**Exercise:**
Return only these lines: the one that contains "Sculpture in shaped" and every line after it through the end of the listing, exactly, without pictures.

**Data block:**
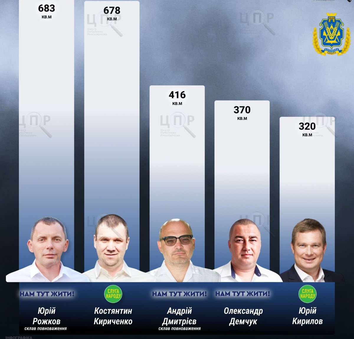 Yuriy Rozhkov from the party "We Live Here" has the largest living space among the MPs - 683 square meters in total. He personally owns a 554.5-square-meter house in the Kherson community, and his wife Victoria owns a 46.7-square-meter house and an 81.4-square-meter apartment in Kherson.
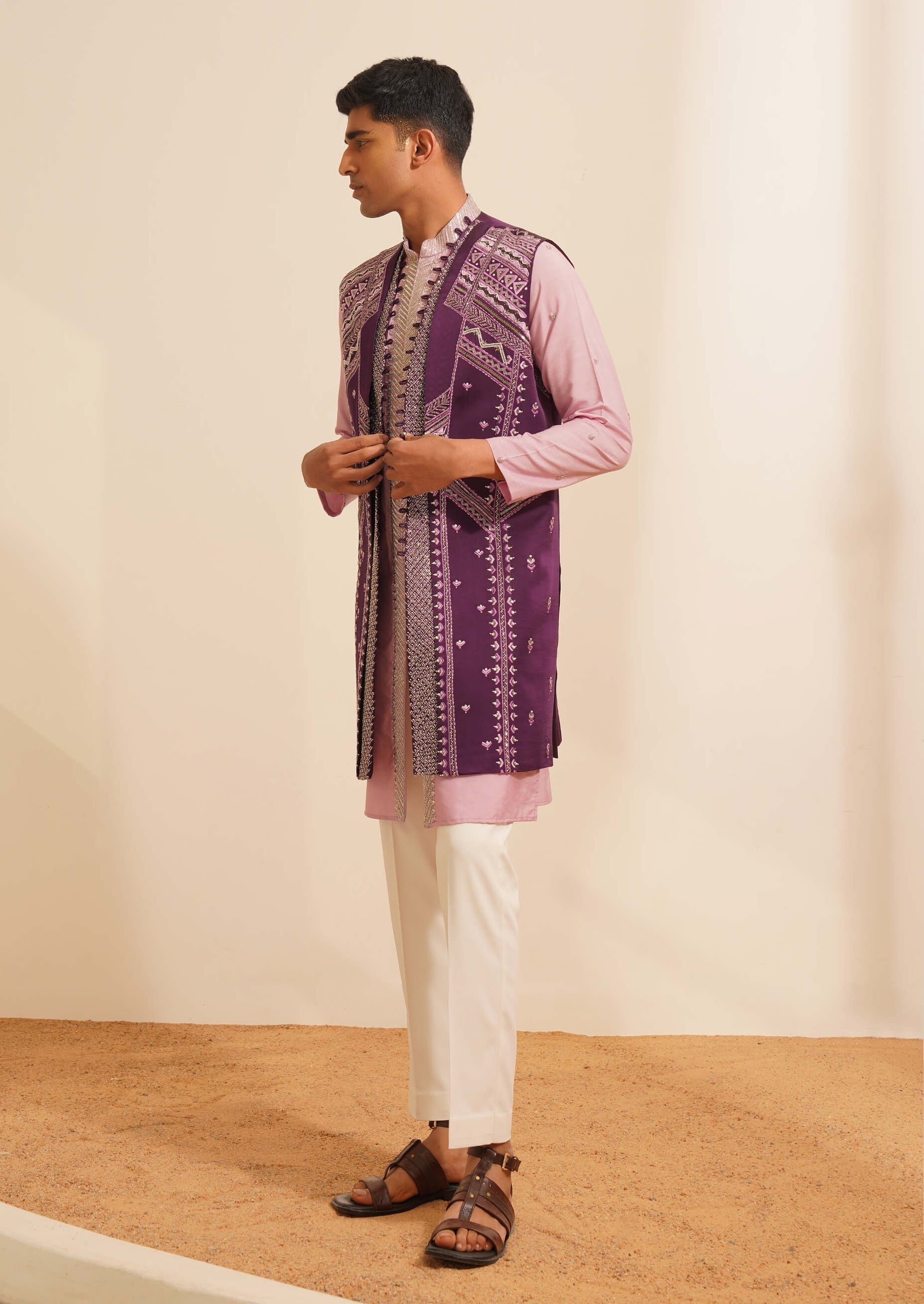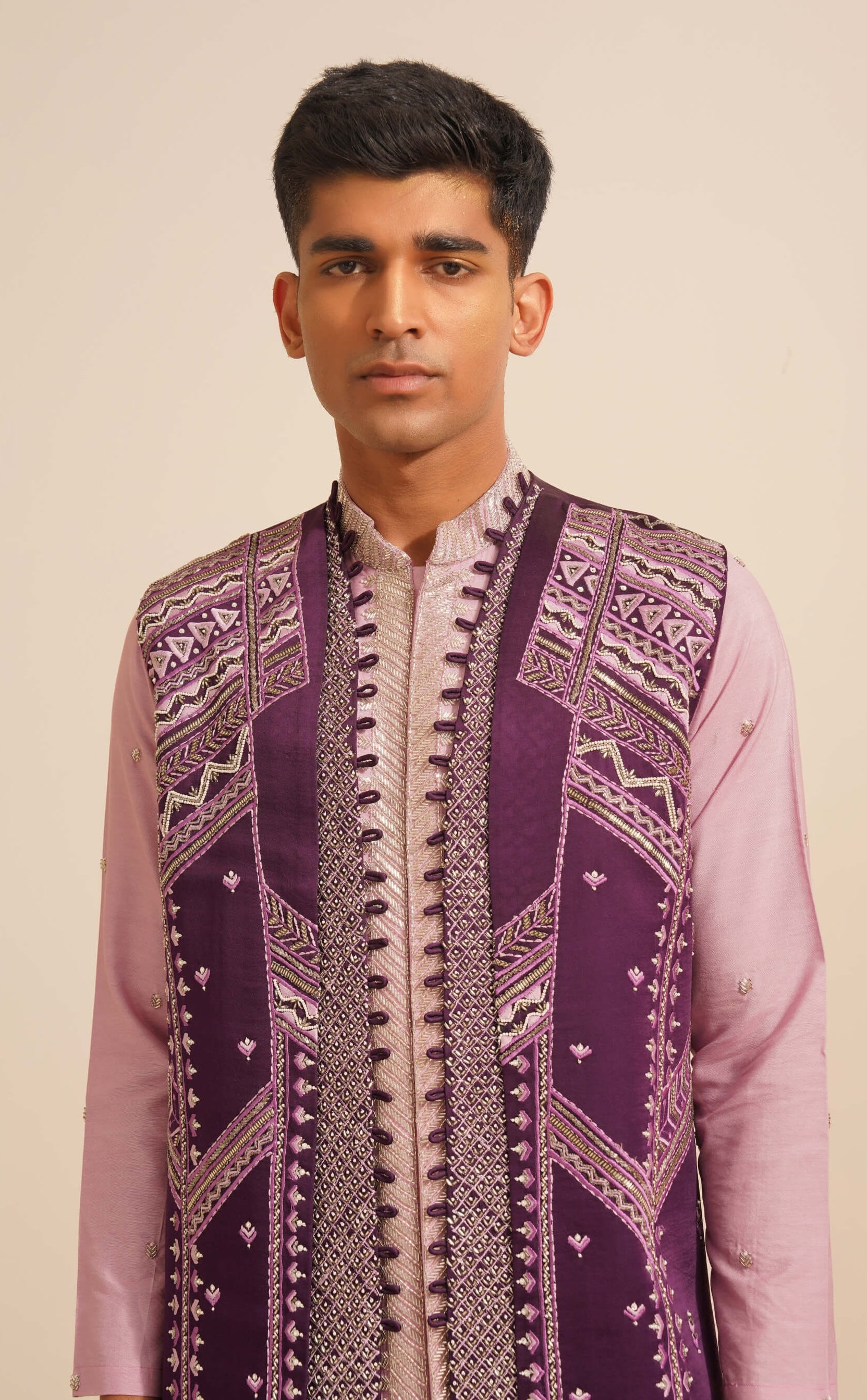 Introducing our exquisite purple open Indo-jacket, designed to captivate with its extended placket featuring sophisticated loop details and intricate hand embroidery throughout. This luxurious piece combines traditional craftsmanship with modern elegance, offering a rich and vibrant addition to your wardrobe. Ideal for making a statement at any special event, this Indo-jacket blends meticulous detailing with timeless style, ensuring you stand out with grace and sophistication. Perfect for those who appreciate refined artistry and contemporary flair.
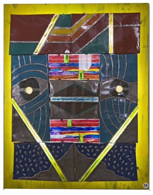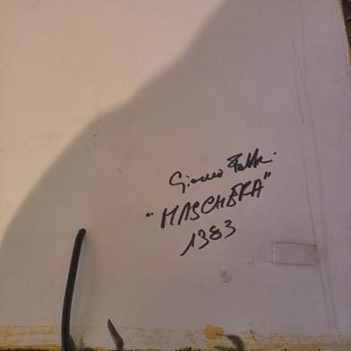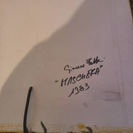 Sculpture in shaped sheet metal and plexiglass painted with neon, titled "MASCHERA". Signed, dated 1983, and titled on the back.
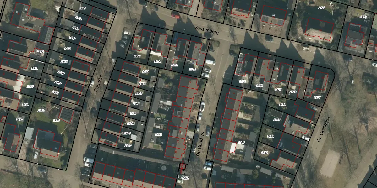 Het perceel waarop De Bunders 4 staat heeft een oppervlakte van 2189 m². Dit is een zeer groot perceel. De perceeloppervlakte wordt geregistreerd door het Kadaster. Gedetailleerde informatie over de maten van dit perceel kunt u vinden in het rapport Kadastrale kaart met maatvoering van De Bunders 4.

**Completed exercise:**
 Sculpture in shaped sheet metal and plexiglass painted with neon, titled "MASCHERA". Signed, dated 1983, and titled on the back.
 Het perceel waarop De Bunders 4 staat heeft een oppervlakte van 2189 m². Dit is een zeer groot perceel. De perceeloppervlakte wordt geregistreerd door het Kadaster. Gedetailleerde informatie over de maten van dit perceel kunt u vinden in het rapport Kadastrale kaart met maatvoering van De Bunders 4.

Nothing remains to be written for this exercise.